I stopped by the main workshop long enough to gather a few supplies of my own before going to the chapel to make our excuses to Davide. The senior apprentice asked no questions of me, for the rule was that we always had leave to follow the Master’s orders, strange as they might sometimes be. And I’d not yet heard of any apprentice being caught in a lie, for no one wished to risk his hard-won post for nothing more than a day of freedom from work.

Obtaining the food had proved more difficult. Marcella-the brash young woman who had long ago taken a fancy to “Dino”-no longer worked in the kitchens, having secured a better position attending one of Il Moro’s mistresses. With her gone, I was forced to find someone else who might be sympathetic to a young man’s plight. I’d finally bargained with one of the newer girls, who agreed to my promise to sketch her portrait in exchange for some bread and cheese.

A short while later, I was standing at the Master’s door, impatiently wondering what had become of my companions. Tito appeared a few moments later, arms laden with blankets and a few stoppered jugs of water. He gave my bundles an approving nod and glanced about.

“What has become of the washerwoman? See, I told you it was a mistake in judgment to trust her.”

“You’re wrong, Tito,” I hurried to assure him. “Rebecca may not speak with honeyed words, nor is she a likely candidate for a priory, but I am certain her loyalty is above question.”

“Perhaps,” he replied with a dark look, “but it seems odd that she, of all people, discovered your father’s lost cloak and then happened to be wearing it just as we were lamenting his disappearance. Besides, why would a washerwoman want to help us find the flying machine?”

I had no answers for his questions. And, though I had instinctively trusted the brash woman, I was dismayed to realize that Tito’s words now put a small arrow of doubt into my heart. For surely someone of Rebecca’s humble position could easily be seduced by coin. Did she know more than she was saying about this unsettling situation… and was she even now prepared to lead us into a trap?

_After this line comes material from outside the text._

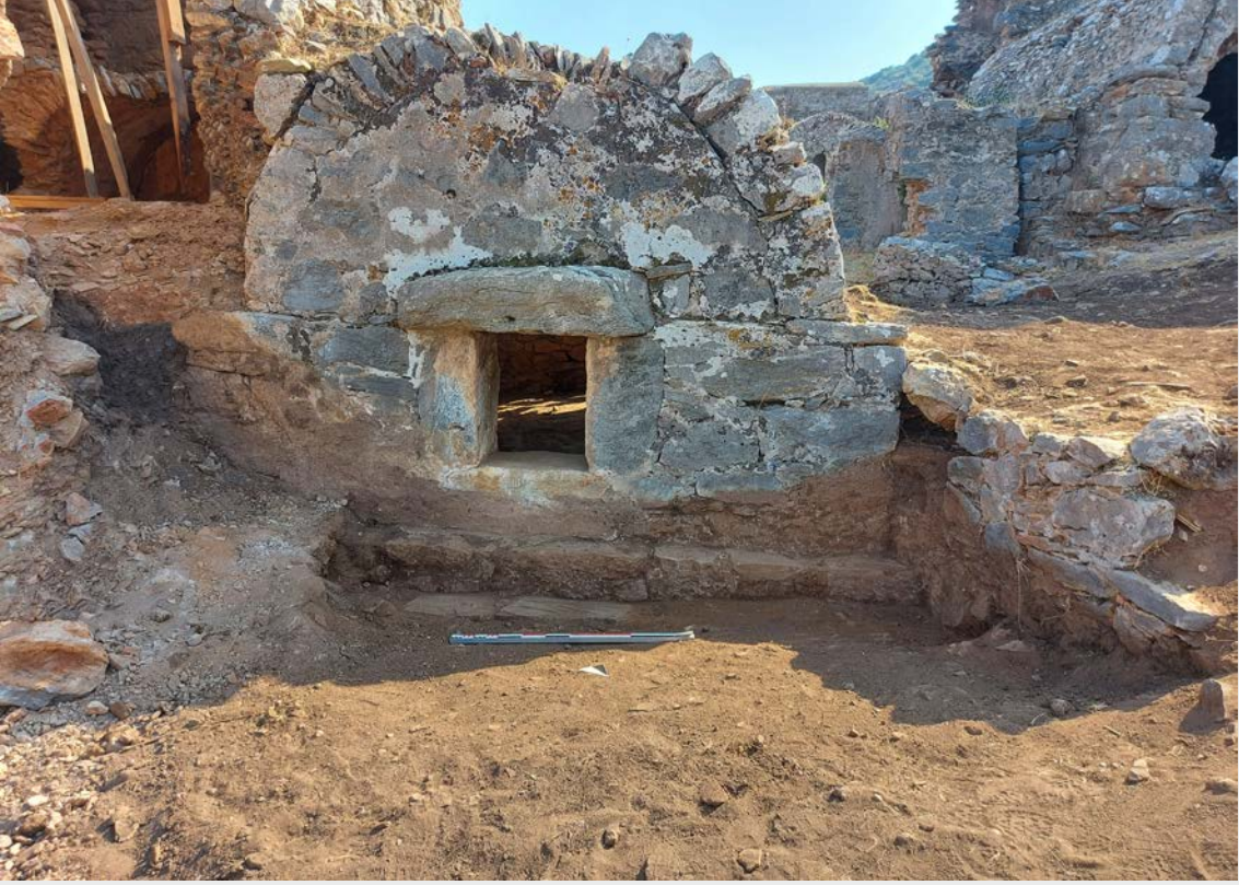
Resim 4. Anemurium A I 11 Nolu Beşik Tonozlu Mezar'ın ön cephe görünümü.

Even as I considered this possibility, a harsh shout and a snap of reins cut short these bleak thoughts. I looked up to see a battered if serviceable two-wheeled cart hauling a pair of baskets, each large enough to hold Tito or me. The cart was pulled by a sturdy brown mare whose graying muzzle betrayed her age, though her shiny coat bespoke years of fond care.

Rebecca perched proudly upon the splintered bench that served as a seat. Her wimple had begun to unwind, the white length of cloth that wrapped her hair and swaddled her throat flapping with her every movement like a small flag of surrender. But there was nothing of defeat in her expression as she pulled the cart to a halt and gestured us over.

“Load up, boys,” she commanded. “Put your supplies under the seat. Dino, you are smaller, so you can sit beside me. Tito, you can sit behind us.”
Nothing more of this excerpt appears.